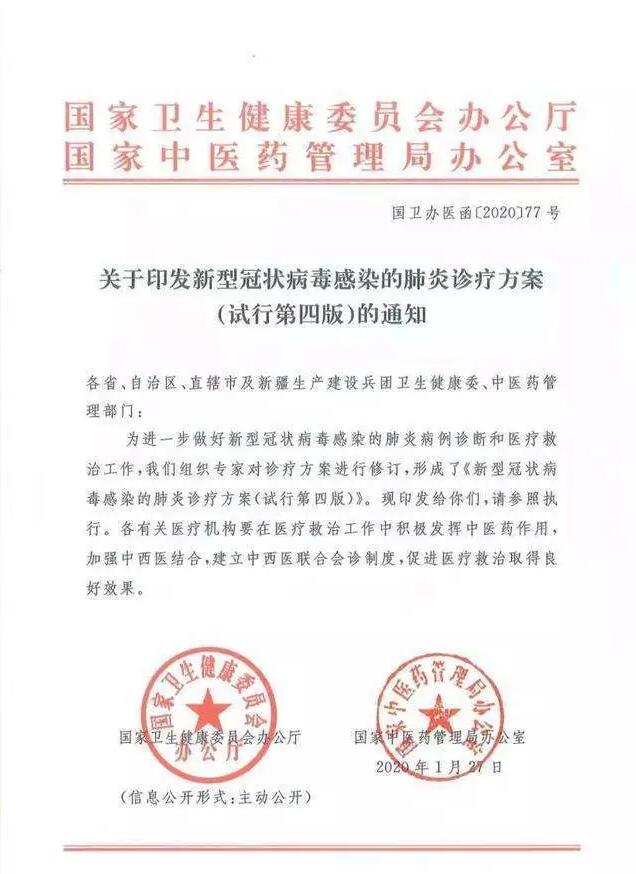 近日,国家卫健委发布了最新的《新型冠状病毒感染的肺炎诊疗方案》(试行第四版),中国政府高度重视新型冠状病毒防控工作,并采取了严格的防控措施。中国有信心、有能力有效控制并最终战胜疫情。作为传统老字号药企,太安堂也在为国家和民族贡献自己的绵薄之力,特别值得一提的是,太安堂药业生产的解热消炎胶囊就对新型冠状病毒感染的肺炎具有相当的预防和治疗作用。
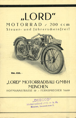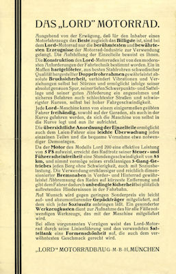 Lord 200 ccm Motorrad Prospekt ca. 1930
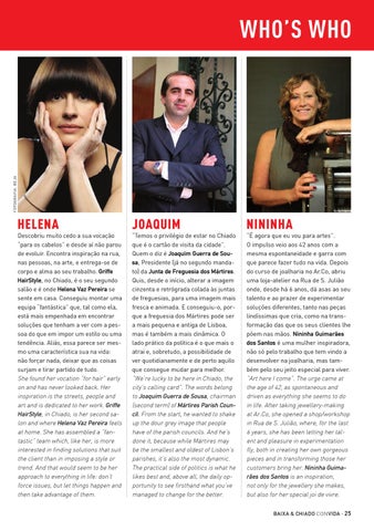 “É agora que eu vou para artes”. O impulso veio aos 42 anos com a mesma espontaneidade e garra com que parece fazer tudo na vida. Depois do curso de joalharia no Ar.Co, abriu uma loja-atelier na Rua de S. Julião onde, desde há 6 anos, dá asas ao seu talento e ao prazer de experimentar soluções diferentes, tanto nas peças lindíssimas que cria, como na transformação das que os seus clientes lhe põem nas mãos. Nininha Guimarães dos Santos é uma mulher inspiradora, não só pelo trabalho que tem vindo a desenvolver na joalharia, mas também pelo seu jeito especial para viver. “Art here I come”. The urge came at the age of 42, as spontaneous and driven as everything she seems to do in life. After taking jewellery-making at Ar.Co, she opened a shop/workshop in Rua de S. Julião, where, for the last 6 years, she has been letting her talent and pleasure in experimentation fly, both in creating her own gorgeous pieces and in transforming those her customers bring her. Nininha Guimarães dos Santos is an inspiration, not only for the jewellery she makes, but also for her special joi de vivre. baiX A & CHIADO con vida · 25
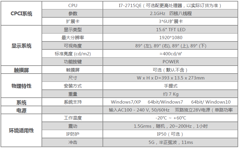 PWS-1501C便攜式CPCI計算機 產(chǎn)品參數(shù):
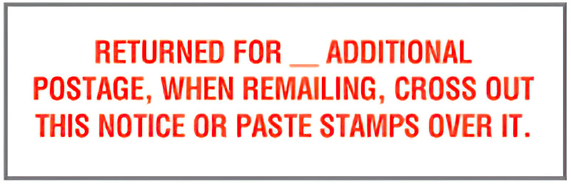 Returned for _____ Additional Postage.. Rubber Stamp 1/2"x1-11/16" N1001952

□ □ □ □ □ □ □

> Problem details:
Please repeat, with no pictures, each line from the start of the records above through the line with "Lord 200 ccm Motorrad Prospekt ca. 1930", inclusive, and only those.

> Answer box:
 近日,国家卫健委发布了最新的《新型冠状病毒感染的肺炎诊疗方案》(试行第四版),中国政府高度重视新型冠状病毒防控工作,并采取了严格的防控措施。中国有信心、有能力有效控制并最终战胜疫情。作为传统老字号药企,太安堂也在为国家和民族贡献自己的绵薄之力,特别值得一提的是,太安堂药业生产的解热消炎胶囊就对新型冠状病毒感染的肺炎具有相当的预防和治疗作用。
 Lord 200 ccm Motorrad Prospekt ca. 1930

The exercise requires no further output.